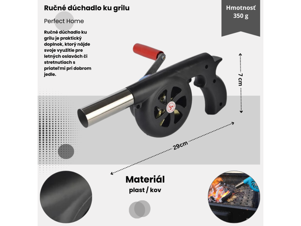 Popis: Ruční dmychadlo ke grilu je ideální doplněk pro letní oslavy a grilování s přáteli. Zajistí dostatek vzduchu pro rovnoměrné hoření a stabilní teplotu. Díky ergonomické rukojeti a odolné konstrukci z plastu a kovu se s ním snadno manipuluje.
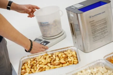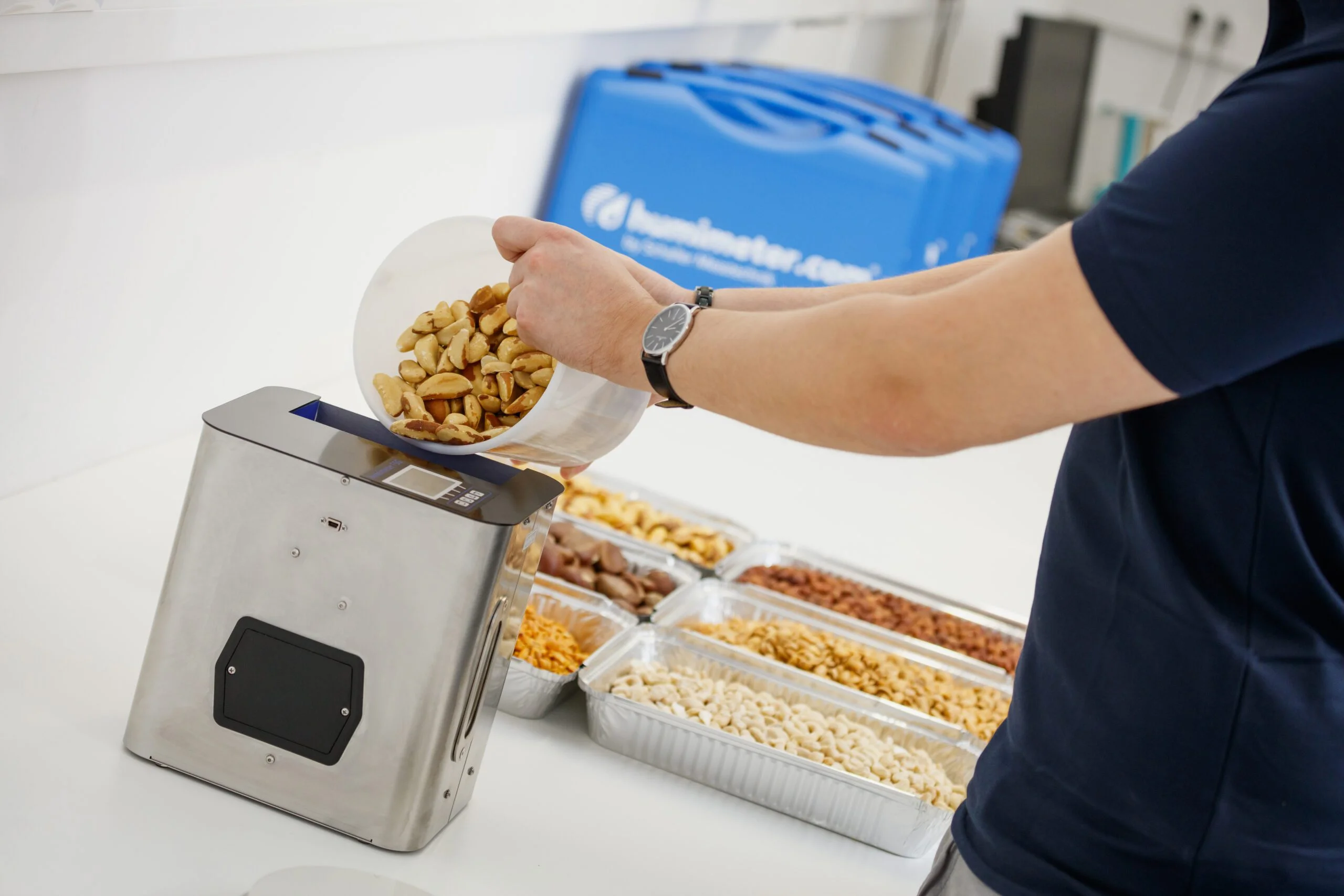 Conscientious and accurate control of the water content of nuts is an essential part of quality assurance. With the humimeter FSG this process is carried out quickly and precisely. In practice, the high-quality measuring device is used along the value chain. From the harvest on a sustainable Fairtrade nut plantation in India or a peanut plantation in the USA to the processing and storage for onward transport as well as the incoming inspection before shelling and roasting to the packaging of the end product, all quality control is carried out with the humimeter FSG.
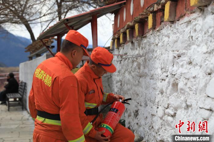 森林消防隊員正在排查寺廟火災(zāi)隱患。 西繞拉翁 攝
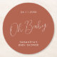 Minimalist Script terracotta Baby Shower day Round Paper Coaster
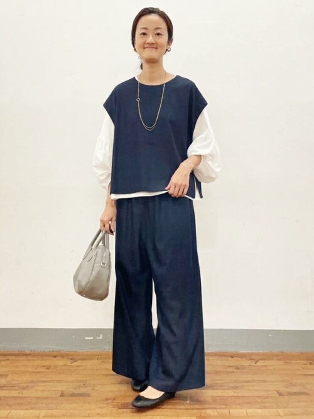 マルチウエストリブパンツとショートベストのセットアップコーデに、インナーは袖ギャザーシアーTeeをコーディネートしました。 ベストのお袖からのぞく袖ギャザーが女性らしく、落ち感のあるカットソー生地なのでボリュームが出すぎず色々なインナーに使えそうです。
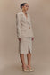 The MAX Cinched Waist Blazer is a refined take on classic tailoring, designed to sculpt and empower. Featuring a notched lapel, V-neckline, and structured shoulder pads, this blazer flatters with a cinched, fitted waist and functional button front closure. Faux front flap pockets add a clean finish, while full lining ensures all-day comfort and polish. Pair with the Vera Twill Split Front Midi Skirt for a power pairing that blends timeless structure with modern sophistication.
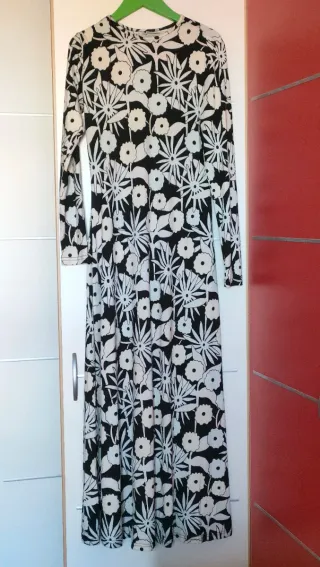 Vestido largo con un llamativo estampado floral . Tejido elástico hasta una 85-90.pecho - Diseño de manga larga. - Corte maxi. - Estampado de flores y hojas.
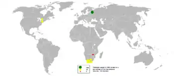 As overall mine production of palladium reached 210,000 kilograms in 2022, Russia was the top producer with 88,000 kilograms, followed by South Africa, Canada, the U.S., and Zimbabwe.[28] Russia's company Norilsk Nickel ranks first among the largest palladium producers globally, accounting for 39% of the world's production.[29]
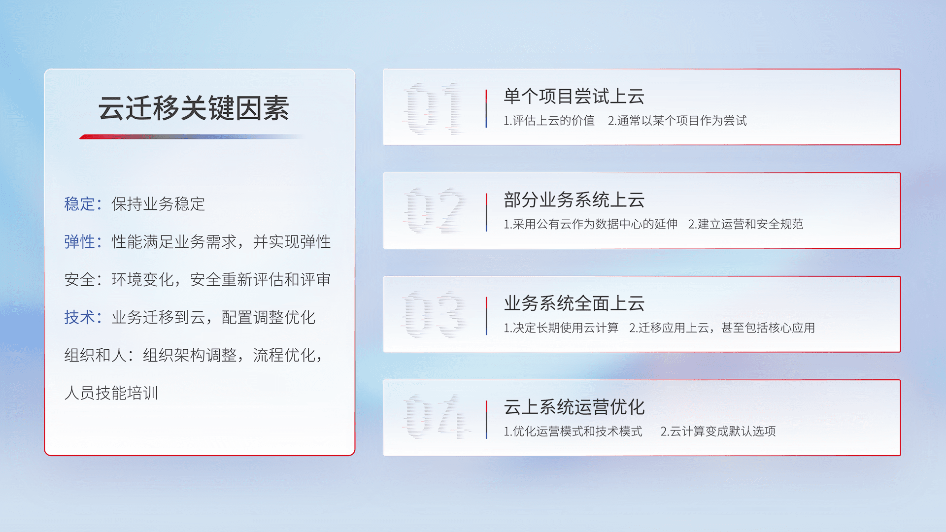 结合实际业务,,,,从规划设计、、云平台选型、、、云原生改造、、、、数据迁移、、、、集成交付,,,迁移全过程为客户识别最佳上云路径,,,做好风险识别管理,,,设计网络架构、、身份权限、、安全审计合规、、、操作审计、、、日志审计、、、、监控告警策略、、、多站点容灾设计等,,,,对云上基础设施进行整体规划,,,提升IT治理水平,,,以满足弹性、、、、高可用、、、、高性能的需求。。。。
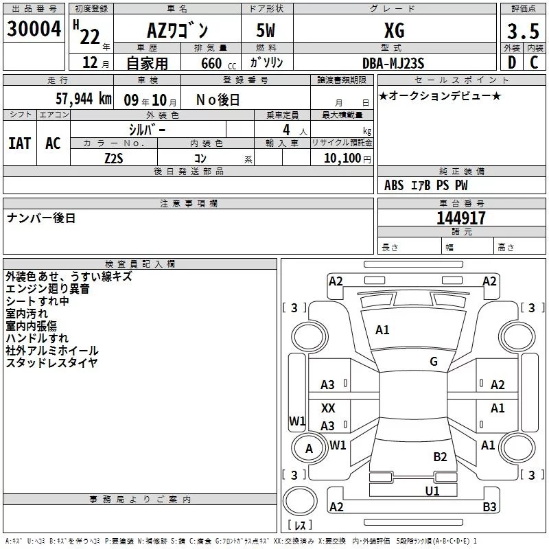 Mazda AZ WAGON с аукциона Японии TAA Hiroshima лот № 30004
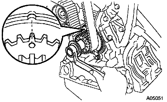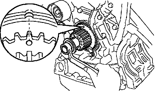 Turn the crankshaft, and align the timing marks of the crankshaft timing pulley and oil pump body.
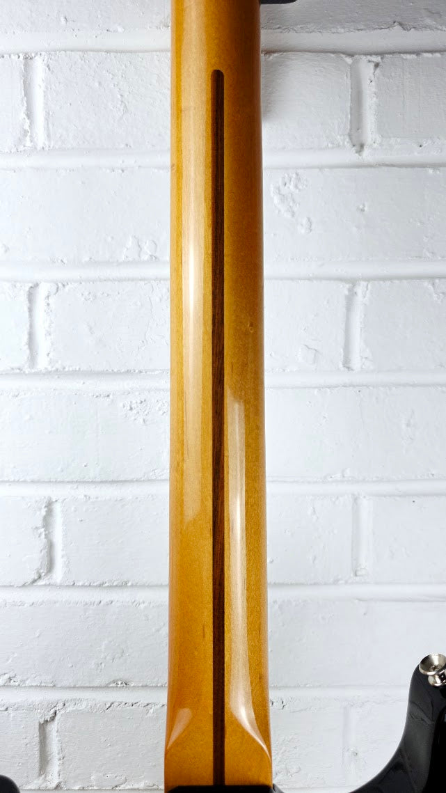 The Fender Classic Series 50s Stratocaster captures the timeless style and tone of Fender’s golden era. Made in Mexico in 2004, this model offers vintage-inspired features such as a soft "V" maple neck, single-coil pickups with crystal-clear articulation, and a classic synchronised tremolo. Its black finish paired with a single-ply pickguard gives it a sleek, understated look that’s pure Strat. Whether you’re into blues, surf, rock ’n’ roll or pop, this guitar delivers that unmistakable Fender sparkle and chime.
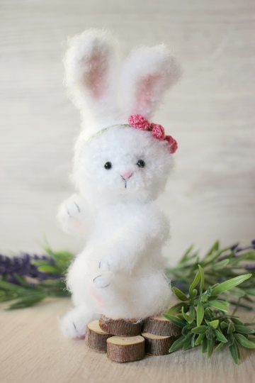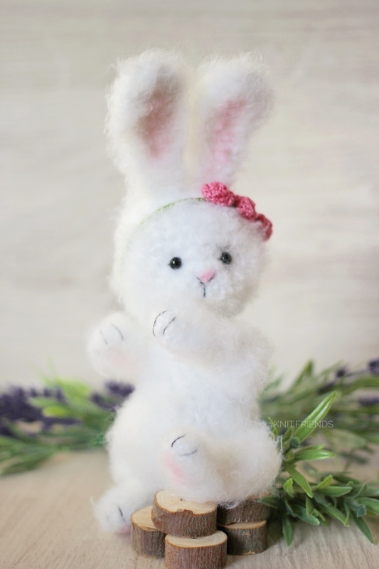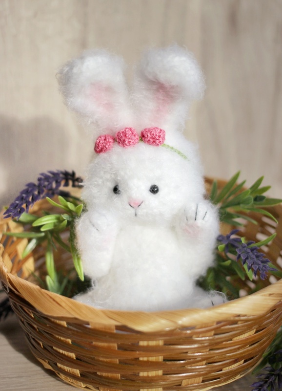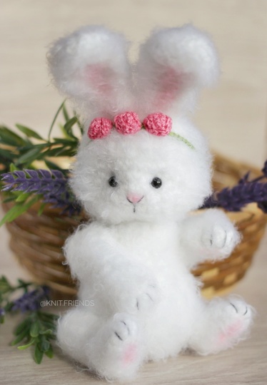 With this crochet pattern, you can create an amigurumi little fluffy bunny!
- - - -
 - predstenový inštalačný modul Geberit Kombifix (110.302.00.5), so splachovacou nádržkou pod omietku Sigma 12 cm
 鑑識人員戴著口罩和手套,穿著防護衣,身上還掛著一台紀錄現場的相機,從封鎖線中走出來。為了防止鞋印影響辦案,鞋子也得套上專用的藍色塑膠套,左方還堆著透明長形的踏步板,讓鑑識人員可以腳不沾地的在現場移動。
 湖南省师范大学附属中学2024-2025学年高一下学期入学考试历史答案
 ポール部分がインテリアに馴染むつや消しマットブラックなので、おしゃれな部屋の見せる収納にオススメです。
- - - -
### About this exercise
Copy exactly the material above from the line with "Popis: Ruční dmychadlo" to the line with "森林消防隊員正在排查寺廟火災(zāi)隱患。 西繞拉翁 攝", ends included, and nothing else. Leave out any picture.

### Finished task
 Popis: Ruční dmychadlo ke grilu je ideální doplněk pro letní oslavy a grilování s přáteli. Zajistí dostatek vzduchu pro rovnoměrné hoření a stabilní teplotu. Díky ergonomické rukojeti a odolné konstrukci z plastu a kovu se s ním snadno manipuluje.
 Conscientious and accurate control of the water content of nuts is an essential part of quality assurance. With the humimeter FSG this process is carried out quickly and precisely. In practice, the high-quality measuring device is used along the value chain. From the harvest on a sustainable Fairtrade nut plantation in India or a peanut plantation in the USA to the processing and storage for onward transport as well as the incoming inspection before shelling and roasting to the packaging of the end product, all quality control is carried out with the humimeter FSG.
 森林消防隊員正在排查寺廟火災(zāi)隱患。 西繞拉翁 攝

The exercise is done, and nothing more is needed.